Post by gmaynardkrebs »

BrainDrain wrote: Thu Aug 02, 2018 12:33 am
gmaynardkrebs wrote: Wed Aug 01, 2018 10:01 pm ]Note that $200K won't be $200K in today's dollars due to inflation 15-20 years from now. Would an inflation adjusted deferred annuity be an option? I think I would be at least as concerned about longevity risk with them.They don't have a big cushion.
The cheapest inflation adjusted annuity you can purchase is delaying SS. If both wait until 70, survivor would get 65 percent of joint SS income $37,371/$57,471. Surely the spending requirements will go down upon first death (Medicare B and D and supplemental premiums for one) and they can be supplemented by remaining nest egg which now only needs to support one person.

If the first dies early there’s more nest egg remaining to use for one person. If first dies later then they’ve benefitted from waiting to take SS.
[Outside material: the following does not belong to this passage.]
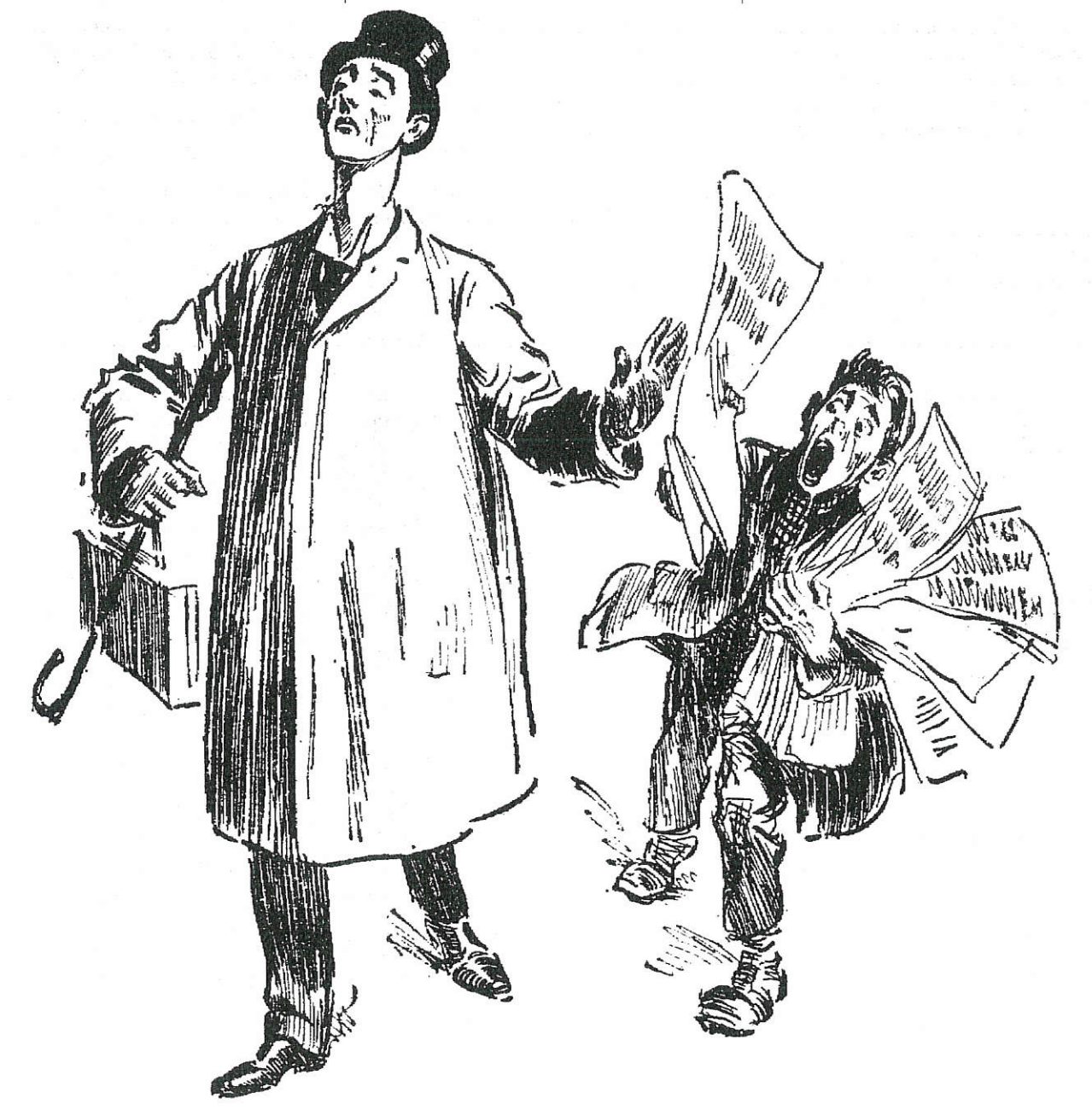
Major vendors of CAPM betas such as Merrill Lynch, Value Line, and Bloomberg distribute Blume adjusted betas to investors.

Completely agree that waiting on SS is the right way. What I'm thinking is that I'd like to see some of that $400K annuatized. The OP is using TIPS for that, which is a reasonable alternative, but a deferred inflation adjusted annuity would allow them to have a little more spending money during their lifetimes. In addition, it might reduce the need for life insurance if they use 100% survivorship. Professor Zvi Bodie has several papers on this, and I believe an upcoming book. Might be worth a read.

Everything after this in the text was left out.